This week has all been about preparing for a tournament. Today I am going to discuss and list some of the important things you should bring to a tournament. This may sound like a simple task, but look inside any experienced players squash bag and you will find a lot of unexpected but useful items.
We all know the basics, racquet, eye guards, court shoes, and ball. So what else do you need? Depending on your level and experience I recommend a 2nd racquet that is the same; same model, same string and tension, and same grip if possible. I always brought at least 3 racquets to tournaments. I've had 2 strings break in a single game before, so if this is a common issue for you a 3rd or even a 4th racquet can come in handy. I say last year that Nick Matthew brings something like 21 racquets with him to tournaments. Crazy! I've also heard a story about Jonathon Power where he broke a string or racquet and his backup racquet didn't have a grip on it and the ref wouldn't allow him time to regrip it, so he had to finish playing the game with no grip on his racquet. I know this story sounds like an urban legend, but that's what I've heard.
So besides the basics and extra racquets what else should you pack? I would start with a water bottle and/or some gatorade. A can of Gatorade powder can be cheaper and will be well used. At tournaments hydration and good sources of fuel are important. So I also suggest brining some granola or protein bars. Other foods that go well at tournaments include, bananas, trail mix, apples, sandwiches, and veggie sticks. Even if a tournament says they serve food I never rely on this. Sometimes the tournaments don't serve the food when you should be eating or don't serve the healthiest or best options for during a tournament.
I know this may sound obvious, but bring more squash clothes than you expect to need. This goes for socks and underwear. They don't take up much space when you travel and they are the worse clouting to run out of. You can't reuse clothes after tough matches so be prepared. I always brought at 4 or 5 pairs of shorts and at least 6 or 7 shirts. You should also bring track pants and a long sleeve top incase it's cool around the courts or for after your matches while you are refereeing.
Must Have Items:
- squash bag (big enough to fit all of the stuff on this list)
- 2+ racquets
- 4+ pairs of shorts/skirts
- 4+ shirts
- 6+ pairs of socks/underwear
- track pants
- long sleeve athletic top/sweatshirt
- water bottle/gatorade
- granola or protein bars
- other snacks & food
- maps and phone numbers plus information about the hotel and club location
- passport (depending on age and where you're going)
- extra shoelaces
- extra grips
- squash balls (in case you get a chance to practice on the courts)

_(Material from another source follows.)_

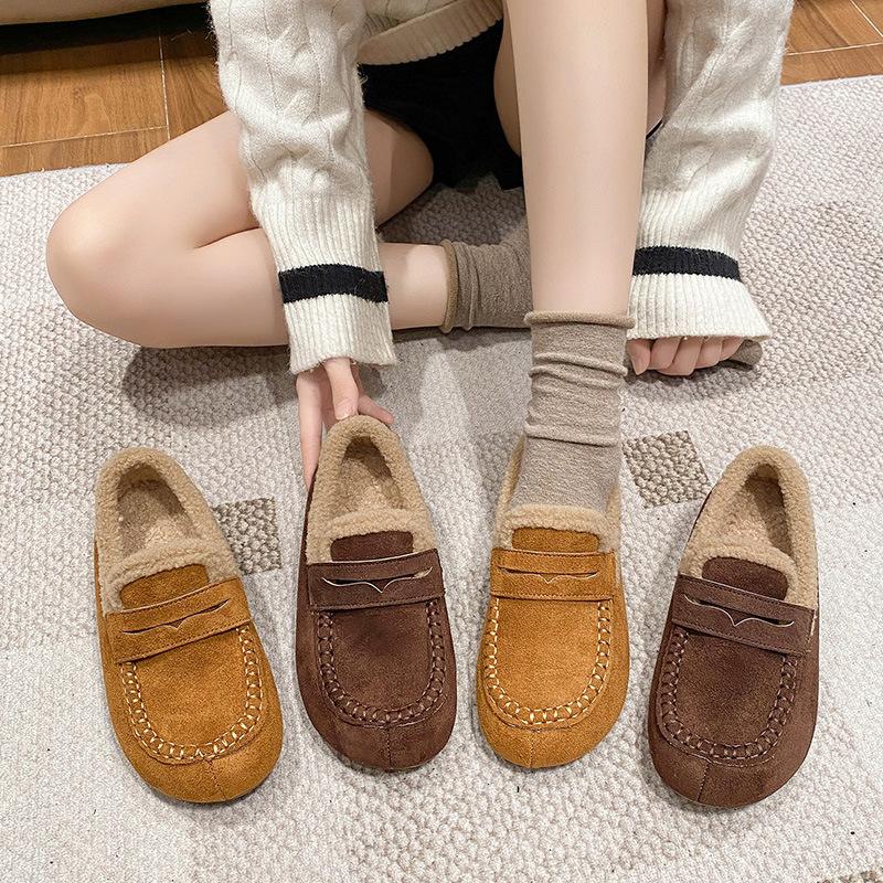 One-pedal Lazy Single Shoes 2025 Autumn and Winter New Fashionable Versatile Velvet Warm Cotton Shoes Soft-soled Doudou Shoes Women

- bandaids/sports tape (black if possible)
- 4+ headbands/wristbands
- advil/ibuprofen/allergy pills/asthma puffers
- bobby pins (I've seen a lot of girls have hair malfunctions which have interfered with their game)
- daily hygiene products
Nice To Have Items:
- power gels
- foam roller
- a towel
- plastic bag/something to put sweaty/dirty clothes in
- a watch/heart rate monitor
- skipping rope (some people use to warm up)
- extra pair of shoes (if you don't have time for your other pair to dry between matches or if your first pair falls apart)
- extra pair of eye guards
- ipod (something to listen to music to while you warm up)
- cell phone (can film your matches with this)
- laptop/tablet (can also use to film your matches with and to watch movies and relax and unwind in the evenings)
- book to read of some homework!
It's also a good idea to make sure that your eye guards are approved for the event. In Canada for national events only certain types of eye guards are approved and some officials will check to make sure yours are on the list. If you wear prescription eye guards, sometimes these aren't allowed either and you will have to wear contacts or the iMask. Remember it's also not about just bringing this stuff to the tournament and leaving it at the hotel. You may have a situation where you need something in an emergency during your game so you should have the important items with you in your squash bag and by the court you are playing on.
Last thing. If you arrive before the tournament begins and can get a practice court you are one step better prepared for your first round match. This isn't always possible, so if it isn't then at least taking a look and getting to know the facility is helpful. Also know where you are travelling to is a key to proper planning. Maybe the weather is much warmer or cooler than where you are coming from. So you can practice with a slower or bouncier ball to prepare yourself. This may also mean you need to bring a winter clothing and leave early for the tournament. In many provinces in Canada the weather has a major impact on tournament travel. You'll also need to know how long it takes to get to the club from where you're staying, will there be any traffic, and so on. This is all about managing your tournament travel to allow yourself to play your best squash.
What other times am I missing from the above lists?